Meat quality is evaluated by structural, physical–chemical and sensorial parameters, in which nutritional value, fat content and fatty acid composition are important factors (McAfee et al. 2010). For Brazilian beef to gain a wider place in the market, it is imperative to focus more attention on meat quality. Several fatty acids are of interest to the meat industry because of their health benefits (Mir et al. 2004). Therefore, the meat industry has looked for means to reduce saturated fatty acids and increase polyunsaturated fatty acids (PUFA). These fatty acids include linoleic and linolenic fatty acids, which are considered beneficial because they belong to omega-6 and omega-3 series respectively, and also conjugated linoleic acid. Hence, an important role of animal production is to provide good-quality meat for human consumption (Madruga et al. 2006).
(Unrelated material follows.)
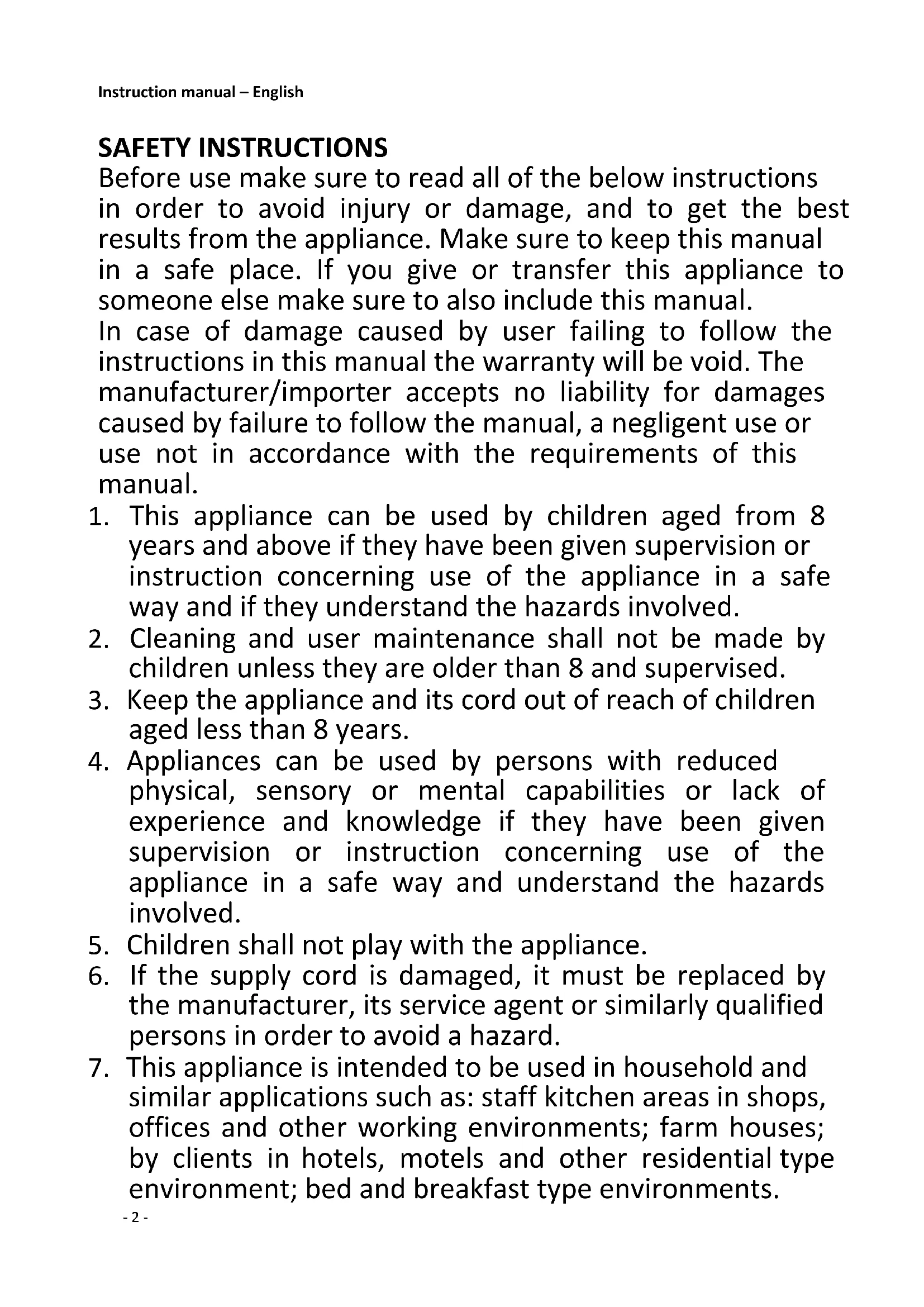 7. This appliance is intended to be used in household and

Polyunsaturated fatty acids have usually been associated with beneficial health effects on early life and later-life disease such as cardiovascular diseases (Khandelwal et al. 2012). The benefits of PUFA in human nutrition are recognised by the Food and Agriculture Organization (FAO 2008) and the European Food Standards Authority (EFSA 2010) guidelines for fat intake and composition, although there are knowledge gaps that need further research (Butler 2014). The aim of the present work was to evaluate the physical and chemical composition of the muscle meat Longissimus dorsi of castrated Nellore steers fed with increasing levels of protein and energy in an integrated crop–livestock system. The hypothesis was that supplementation can improve the main meat-quality traits.
Materials and methods
The experiment was conducted at Stone Farm, located in the municipality of Luis Eduardo Magalhaes, west of Bahia (known as grain belt), during the dry season, between July and October 2011. The experiment lasted for 105 days, of which 15 days were for adaptation.
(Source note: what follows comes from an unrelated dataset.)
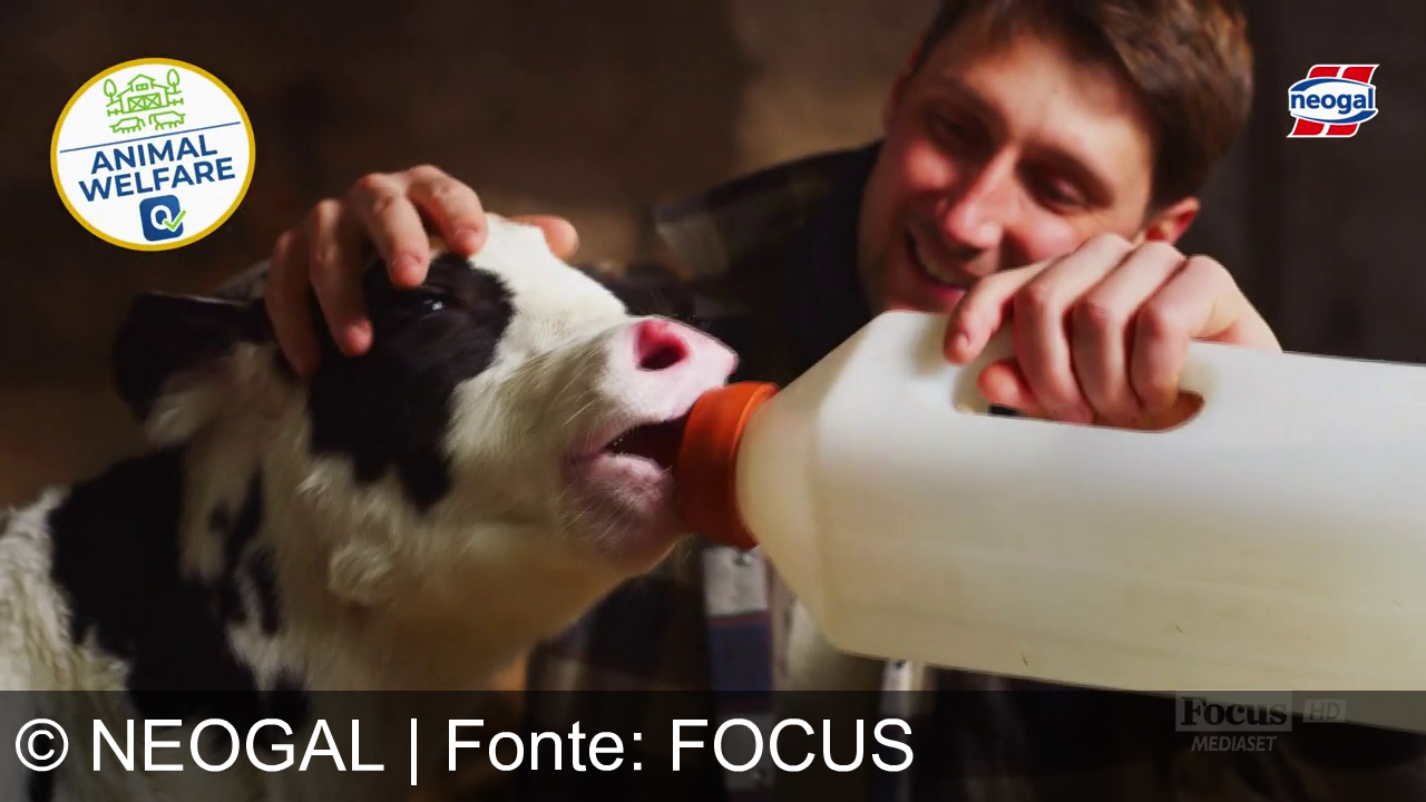 Un uomo dà da bere a un vitellino con un biberon grande e lo accarezza sulla testa. Il vitellino succhia il latte con forza e l’uomo sorride mentre tiene la bottiglia.

For the experiment, 40 Nellore males, chemically castrated with a commercial product (Bopriva®), aged 33 ± 6.7 months and an initial average bodyweight (BW) of 396 ± 16.1 kg, treated against worms and identified with numbered ear tags, were used. The animals were distributed in a completely randomised design, divided into four groups, with 10 animals in each group. There were eight testers and two tracers, to adjust the forage supply to 10 kg of DM/100 kg of BW.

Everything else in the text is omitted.